# Removing group policy



## STAW (May 15, 2008)

I've got a standalone PC that was on a domain briefly, picked up group policy, then was removed and added to a work group. The trouble is, the group policy settings stayed, and a local admin can't touch those settings. RSOP doesn't show the machine as applying any group policies, but they sure are there. I get blocked from applying setup security.inf, or using secedit to reverse. GPUpdate completes instantly with no change. The local System account gets trumped by group policy as well. Anybody have any idea on how to remove group policy from this machine, short of reformatting the hard drive?


----------



## leroys1000 (Aug 16, 2007)

Might try going to start/run and type in gpedit.msc and hit enter.
A lot of stuff in the group policy editor,so you will probably
need to look for want you want.


----------



## STAW (May 15, 2008)

Group policy editor doesn't pull down anything but the local policy, which still blocks me from editting the policies I want. Don't know of any way to point out to a computer that it's not on a domain any more and should be subject to the policy of that domain?


----------



## DoubleHelix (Dec 10, 2004)

Domain policies aren't reversed when a computer is removed from a domain. Thus, there's no way to "tell" a computer it's not on a domain. The policies have already been applied. If they're also applied to the local account, they're machine-level policies, and you're not going to be able to get around them or "clear" them. The computer needs to be reinstalled.


----------



## STAW (May 15, 2008)

That's what I figured.
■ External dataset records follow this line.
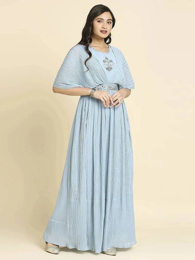 Madhuram Women Embroidered Gown Kurta (Light Blue)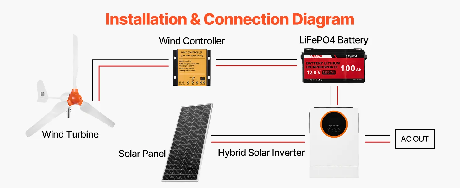 Pārvērtiet saules un vēja enerģiju uzticamā elektroapgādē ar mūsu komplektu, kas ietver 2 × 100 W saules paneļus un 400 W vēja turbīnu ar viedo MPPT kontrolieri, 1000 W hibrīdo saules invertoru un 12,8 V 100 Ah LiFePO₄ akumulatoru. Nodrošina stabilu un nepārtrauktu enerģijas padevi mājām, kemperiem, laivām, kempingam un citām vajadzībām.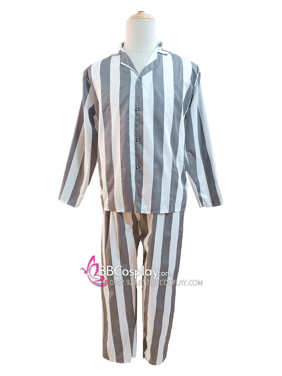 Trang Phục Tù Nhân Nam Sọc Đen Trắng Cổ Sơ Mi Sọc Đen Trắng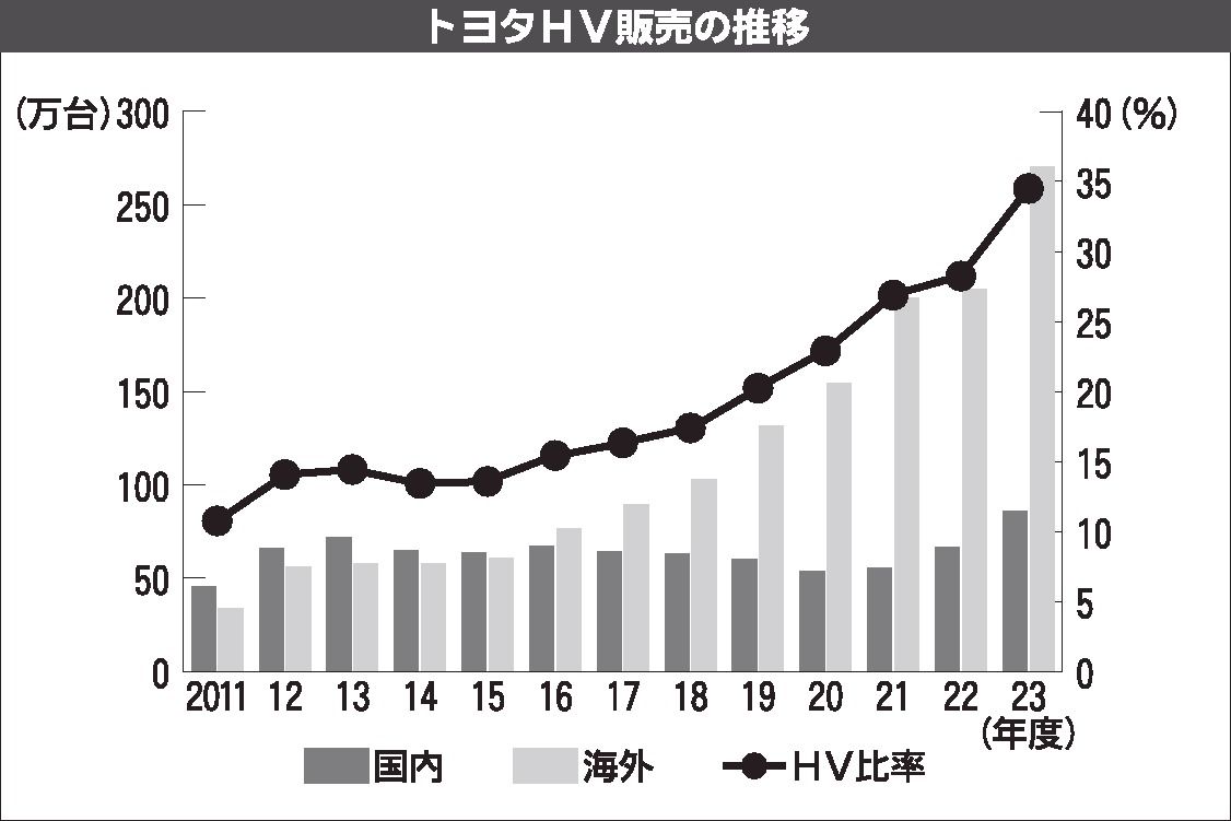 トヨタ自動車の好業績を支えているのがハイブリッド車(HV)だ。2024年3月期のHV(マイルドHV除く)販売は、前期から約80万台増えて約355万7千台となり、新車の3台に1台以上をHVが占めた。「ストロングHV」と呼ばれるトヨタのHVは...

Just hoping that some one had a trick to get around this "security feature" that Microsoft never saw fit to deal with themselves.


----------



## ChadU607 (Sep 2, 2008)

It is possible to remove GPO settings from a computer previously in a domain.. In fact.. if you don't you may get errors pertaining to services.exe causing your computer to shut down...
to do this.. navigate to:

HKLM\Software\microsoft\windows\currentversion\group policy\

you can delete the S-x-x-xx-xxxxxxxx-.... keys..

also, look in the sub folders and delete the S-... there too..

*ChadU607*
*Senior Microsoft Certified IT Professional* 
MCSA 2000 MCSE 2000 MCDBA 2000
MCSA 2003 MCSE 2003
MCTS+MCITP Enterprise Administrator


----------